Questo voleva Dio, e perciò lo lasciava in vita e gli toglieva la figlia: voleva un atto di ribellione alla tirannia di quel demonio; voleva dargli tempo di far penitenza del suo gran peccato. E mosse incontro a don Bartolo per fermarlo sull’entrata.
Don Bartolo saliva pian piano gli ultimi scalini.

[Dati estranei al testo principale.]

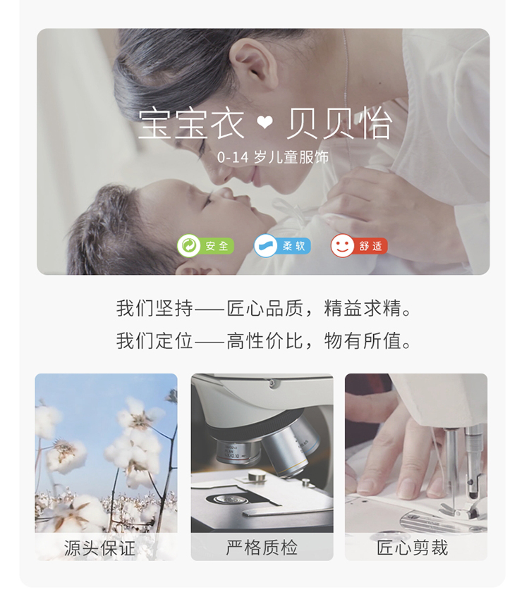 贝贝怡专注0-6岁婴幼儿服饰,坚持安全、柔软、舒适的产品理念,为千万中国家庭提供超高品质、安全可靠的婴幼儿服饰产品,妈妈放心,宝宝开心!
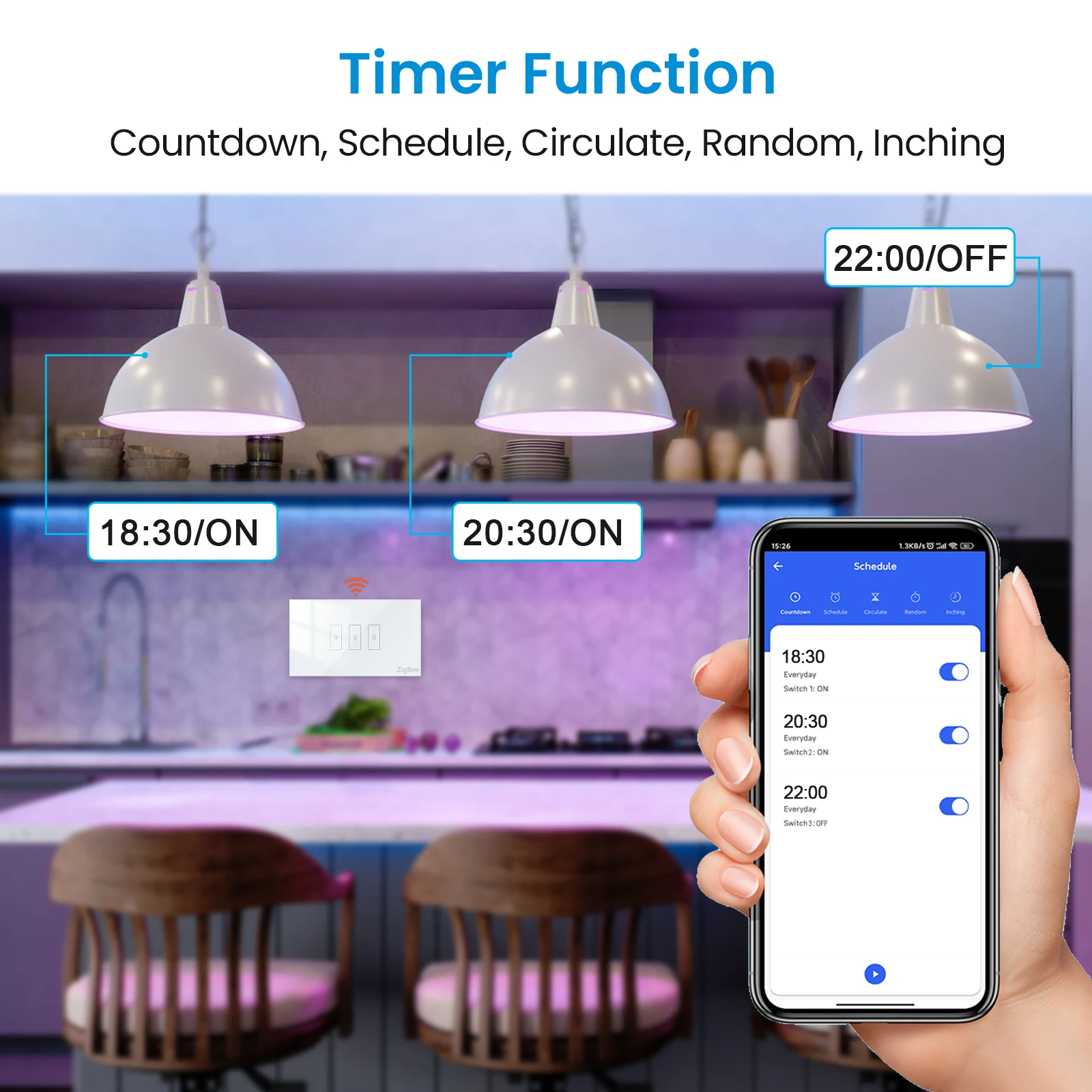 Tuya Smart Life WiFi/ZigBee Smart EU/US 1,2,3 gangs interrupteur télécommande minuterie fonctionne avec Google Assistant Alexa machine à café, four), des circuits (éclairage/climatisation) et des équipements de bureau (imprimante/moniteur) via des scénarios prédéfinis (ex., arrêt automatique à 17:00). Interrupteur Connecté Tuya Interrupteur Connecté TONGOU , 25A DIY Commutateur ZigBee Intelligent Compatible Avec Alexa, Google Assistant, TUYA/Smart Life APP Contrôle à Distance Google Home Module Rail DIN Intelligent 【AUTOMATISATION ET TÉLÉCOMMANDE POUR TOUS LES APPAREILS ÉLECTRIQUES】Permet l'automatisation des appareils ménagers (ex. Avec ce petit interrupteur ZigBee, vous pouvez par exemple transformer une lampe, un ventilateur ou un chauffage d'appoint en un objet connecté. TÉLÉCOMMANDE... Interrupteur intelligent WiFi RCBO de comptage de TUYA Smart Life avec minuterie, contrôle à distance, automatique, sans fil et fonction de reconnexion... Commande vocale via Alexa/Google assistant (exemple : Alexa, éteins les appareils électroménagers de la cuisine). 【CONTRÔLE PAR APPLICATION ET VOCAL + SCÈNES INTELLIGENTES】Prise en charge intégrée des TUYA APP. 【FONCTIONNALITÉS DE SÉCURITÉ ÉTENDUES】Protection contre les surcharges,Protection contre les surtensions,Protection contre la surchauffe,Certification de sécurité UE:Validée pour le domaine AC1 (charges résistives: éclairage LED, moteurs asynchrones), charge permanente recommandée : 1000W 【1P+N Contrôleur Intelligent】Prend en charge jusqu'à 63A sous 240V AC avec mesure d'énergie,Montage sur rail DIN 35 mm, n'occupe qu'un module (18 mm) Gestion des groupes d'appareils, programmations et scènes d'automatisation. TUYA ZigBee interrupteur intelligent Protection contre les surintensités et les sous-tensions Mesure de puissance 1-63 A Interrupteur de commande à distance sans fil.

Alzò il capo, vide don Nuccio sul pianerottolo a capo di scala e lo salutò al solito:
– Benedicite.
– Piano, fermatevi, – prese a dire concitatamente don Nuccio D’Alagna, quasi senza fiato, parandoglisi davanti, con le braccia protese. – Qua oggi deve entrare il Signore, per mia figlia.
– Ci siamo? – domandò afflitto e premuroso don Bartolo, interpretando l’agitazione del vecchio come cagionata dall’imminente sciagura. – Lasciatemela vedere.
– No, vi dico! – riprese convulso don Nuccio, trattenendolo per un braccio. – In nome di Dio vi dico: non entrate!
Don Bartolo lo guardò, stordito.
– Perché?
– Perché Dio mi comanda così! Andate via! L’anima mia forse è dannata; ma rispettate quella d’una innocente che sta per comparire davanti alla giustizia divina!
– Ah, mi scacci? – disse trasecolato don Bartolo Scimpri, appuntandosi l’indice d’una mano sul petto. – Scacci me? – incalzò, trasfigurandosi nello sdegno, drizzandosi sul busto. – Anche tu dunque, povero verme, come tutta questa mandra di bestie, mi credi un demonio? Rispondi!
Don Nuccio s’era addossato al muro presso la porta: non si reggeva più in piedi, e a ogni parola di don Bartolo pareva diventasse più piccolo.
– Brutto vigliacco ingrato! – seguitò questi allora. – Anche tu ti metti contro di me, codiando la gente che t’ha preso a calci come un cane rognoso? Mordi la mano che t’ha dato il pane? Io, t’ho dannato l’anima? Verme di terra! ti schiaccerei sotto il piede, se non mi facessi schifo e pietà insieme! Guardami negli occhi! guardami! Chi ti darà da sfamarti? chi ti darà da sotterrare la figlia? Scappa, scappa in chiesa, va’ a chiederlo a quella tua Vergine parata come una sgualdrina!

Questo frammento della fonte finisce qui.